Sullivan suggests that the exterior "shell" of the skyscraper should change in
appearance to reflect interior functions. If this new organic architectural form
was to be part of natural beauty, the building's facade should change as each
interior function changes.

Function
Common interior areas by function included mechanical utility rooms below
grade, commercial areas in the lower floors, mid-story offices, and a top attic
area generally used for storage and ventilation. Sullivan's description of office
space may have been organic and natural at first, but decades later many people
mocked and ultimately rejected what they thought was Sullivan's
dehumanization, which he also expressed in "The Tall Office Building
Artistically Considered":

" an indefinite number of stories of offices piled tier upon tier, one tier just like
another tier, one office just like all the other offices, an office being similar to a
cell in a honey-comb, merely a compartment, nothing more"

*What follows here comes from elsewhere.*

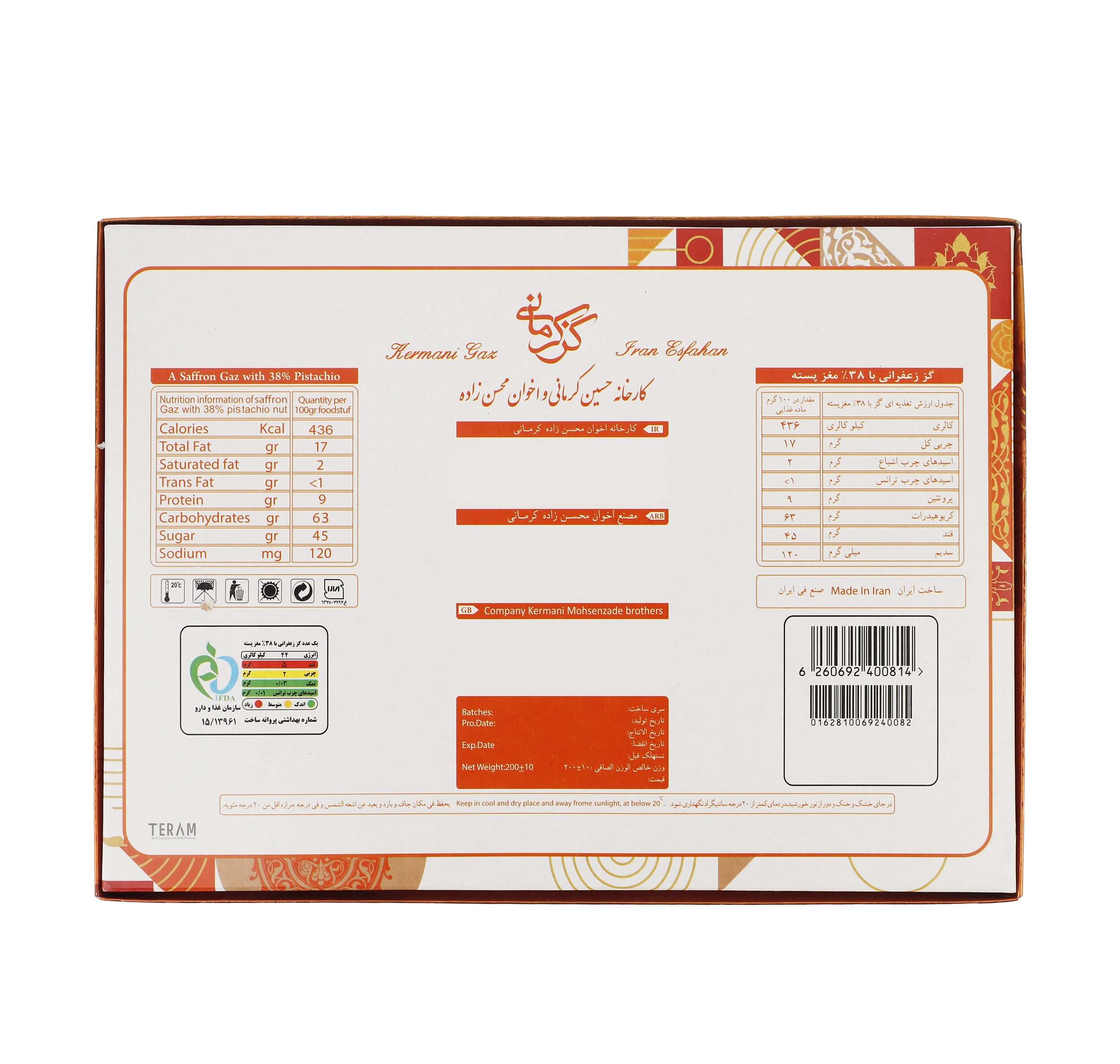 Иранский гяз Кермани фисташки 38% шафрановый 200 гр 20122027 Иран – купить за 1 700 ₽ | IRANMAG - магазин иранских товаров

The birth of "the office" was a profound event in American history, a milestone
that affects us even today. It's not surprising, then, that Sullivan's 1896 phrase
"form follows function" has echoed through the ages, sometimes as an
explanation, often as a solution, but always as a design idea expounded by one
architect in the 19th century.

Form and Function Are One


Sullivan was a mentor to Wright, his young draftsman, who never forgot
Sullivan's lessons. As he did with Sullivan's designs, Wright took the words of
his lieber meister ("dear master") and made them his own: "Form and function
are one." He came to believe that people were misusing Sullivan's idea, reducing
it to a dogmatic slogan and an excuse for "foolish stylistic constructions."
Sullivan used the phrase as a starting point, according to Wright. Beginning
"from within outward," the concept that Sullivan's function within should
describe the outward appearance, Wright asks, "The ground already has form.
Why not begin to give at once by accepting that? Why not give by accepting the
gifts of nature?"

So what are the factors to consider in designing the exterior? Wright's answer is
dogma for organic architecture; the climate, soil, building materials, type of
labor used (machine-made or hand-crafted), the living human spirit that makes
a building "architecture."

Wright never rejects Sullivan's idea; he suggests that Sullivan didn't go far
enough intellectually and spiritually. "Less is only more where more is no
good," Wright wrote. "'Form follows function' is mere dogma until you realize
the higher truth that form and function are one."

Sources
Gutheim, Frederick, editor. "Frank Lloyd Wright on Architecture: Selected Writings (1894-
1940)." Grosset's Universal Library, 1941.

Sullivan, Louis H. "The Tall Office Building Artistically Considered." Lippincott's Magazine,
March 1896.

Wright, Frank Lloyd. "The Future of Architecture." New American Library, Horizon Press, 1953.